Characters in the NOKs Collecting Battles game operate on similar lines. They ask you questions, and if you give answers they recognise, they supply a response that ought to make sense as part of an ongoing conversation. When the characters don’t recognise your response, they provide a padding answer before extending the conversation in an appropriate direction.
Over the last few years, the video game industry has become justifiably fixated on issues of characterisation. David Freeman’s book Creating Emotion in Games: The Art and Craft of Emotioneering (published by New Riders) explores practical ways of investing video game characters with sufficient depth so that the player will feel suitably engaged with the game. Interestingly, Freeman doesn’t downplay the role of plot but understands that plot is essential for adequately explaining the characters’ motivations, thus deepening our belief as players in their credibility. Video game storytelling may be a relatively new form of employment for writers, but many of the universal truths of narrative die hard.
But as Warren Spector, former CEO of the mighty developer Ion Storm observed, video game plotlines have got about as experimental as they’re going to get.
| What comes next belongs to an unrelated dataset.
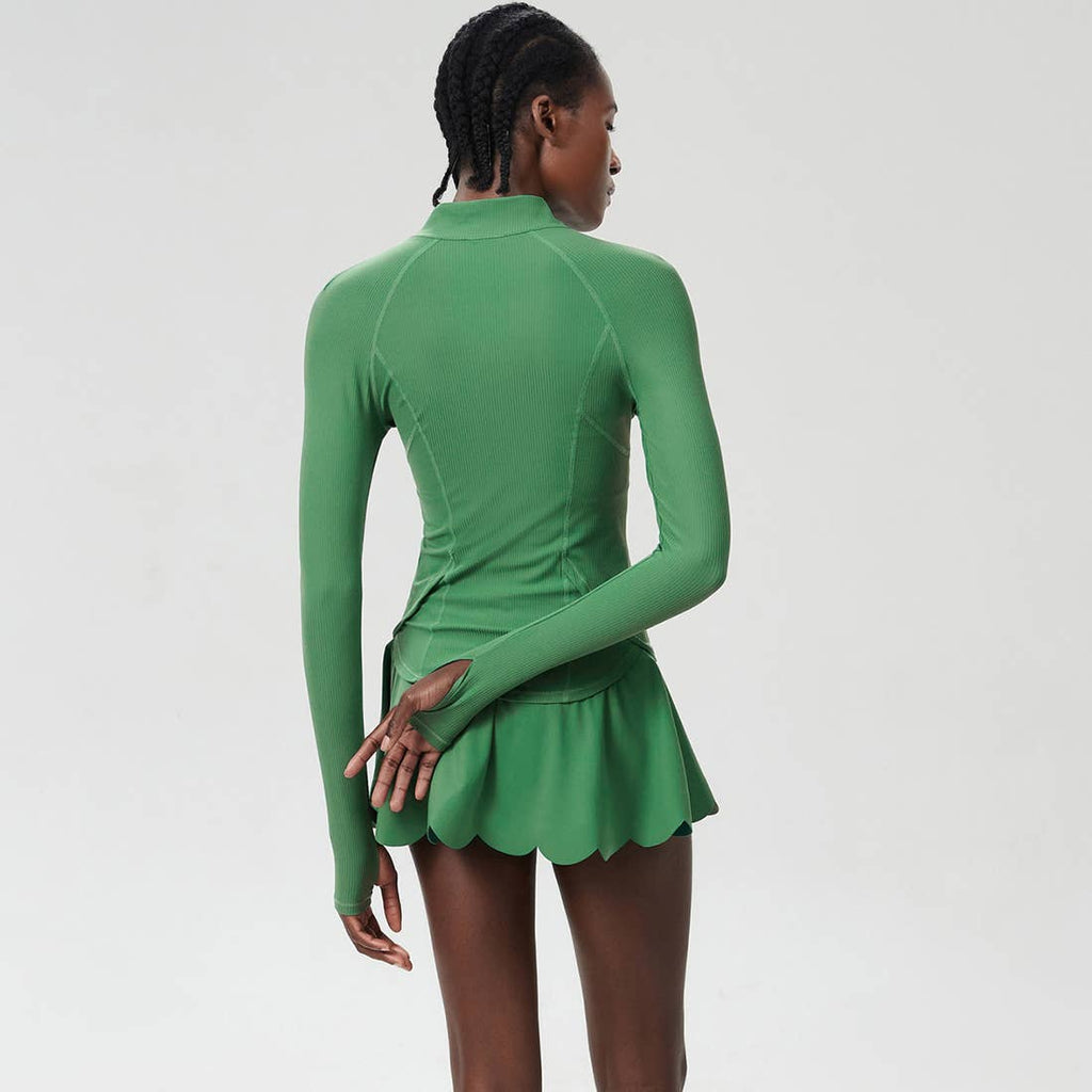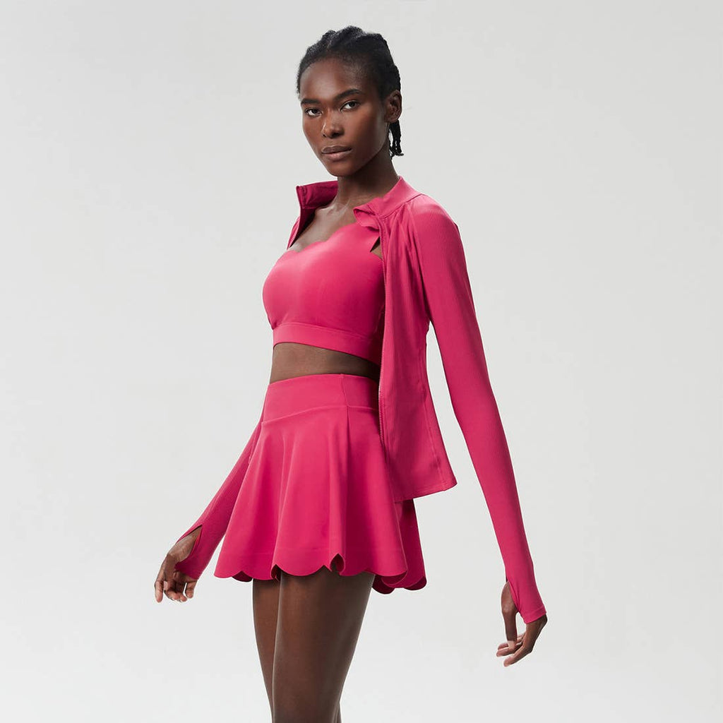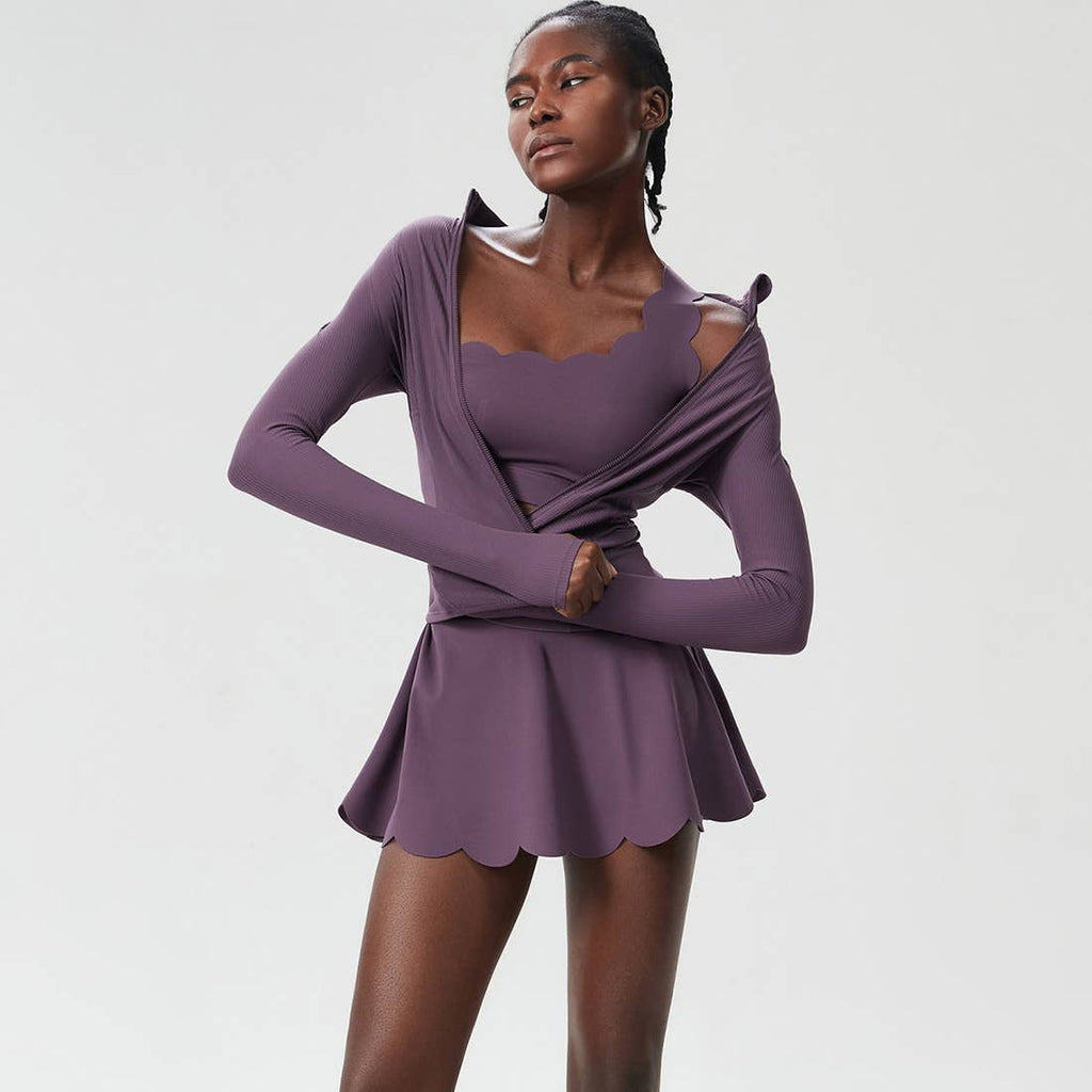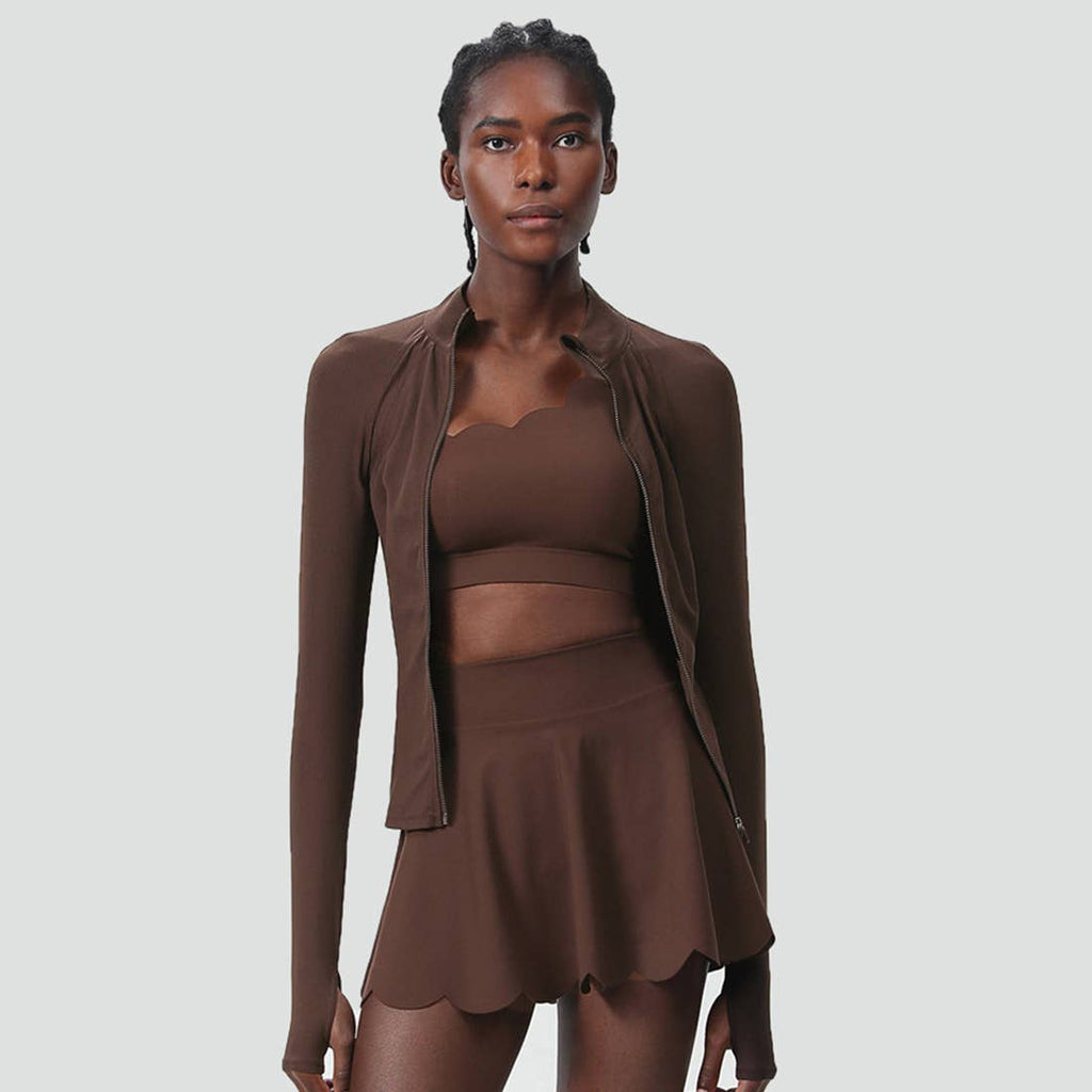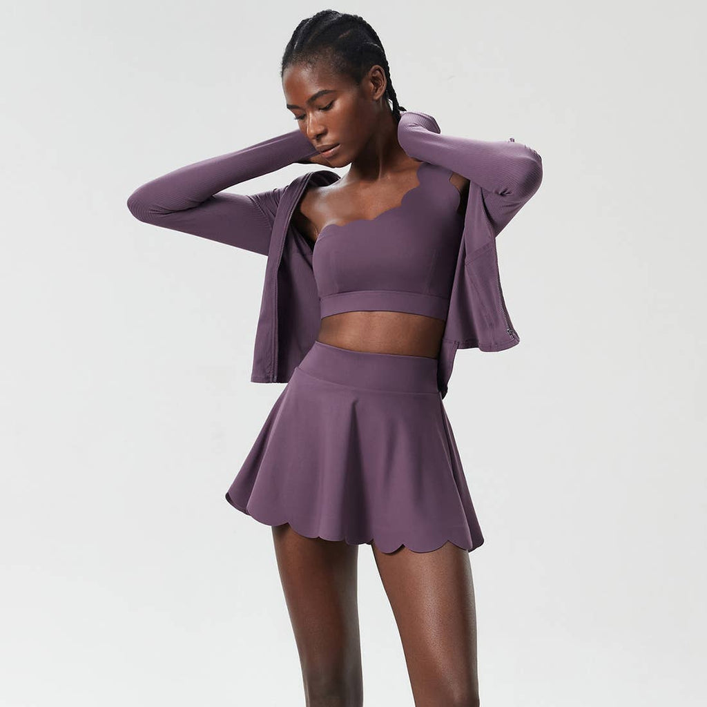 Pattern Type: Plain Fit: Tight Fit (All Pieces) Material Composition: Bra: 75% Nylon + 25% Lycra (Detachable Padding) Skirt: Outer Layer: 75% Nylon + 25% Lycra Inner Layer: 31% COOLMAX® + 61% Polyester + 8% Spandex (Anti-Chafing Lining) Jacket: 78% Nylon + 22% Elastane (Korean Hyosung Spandex) Design & Functional Details: 1.Bra: Single-shoulder strap + crossed back design for secure support, ideal for high-intensity movement. 2.Skort: Flared wave-hem skirt with hidden inner shorts (no-slip silicone grip at hem) Side cargo pocket (left thigh) + moisture-managing COOLMAX® inner layer 3.Jacket: Full-zip closure + ergonomic micro-pressure ribbing for targeted compression at waist. Technical Features: Quick-Dry Technology: Wicks sweat 50% faster than standard sportswear Flatlock Seams: Minimize friction during repetitive motions (tennis serves, yoga poses) Compatibility: ✔️ Tennis / Pickleball / Gym Training ✔️ Running / Hiking / Casual Outdoor

The nature of videogame production and consumption renders games with myriad branching narratives whereby the player can choose from umpteen different paths that are financially uneconomical, technically unfeasible, and even aesthetically undesirable. Why bother developing huge chunks of memory-munching cut sequences a player may never see because she or he chose to pursue another branch of the story?
The plot progression in the NOKs Collecting Battles game is akin to a jigsaw puzzle. Each character imparts various pieces of information, and it’s up to the player to choose to believe or disbelieve. The player just needs to remember that the future of humanity rests on their shoulders. And this is the crucial aspect. Contrary to Steven Poole’s argument in his seminal book Trigger Happy, I would argue that the key to characterisation in video games is precisely connected to awarding the player some degree of responsibility in the video game environment. You only care what happens in the game if your actions have some opposite and equal reaction.
It’s only then that you’ll shed a tear.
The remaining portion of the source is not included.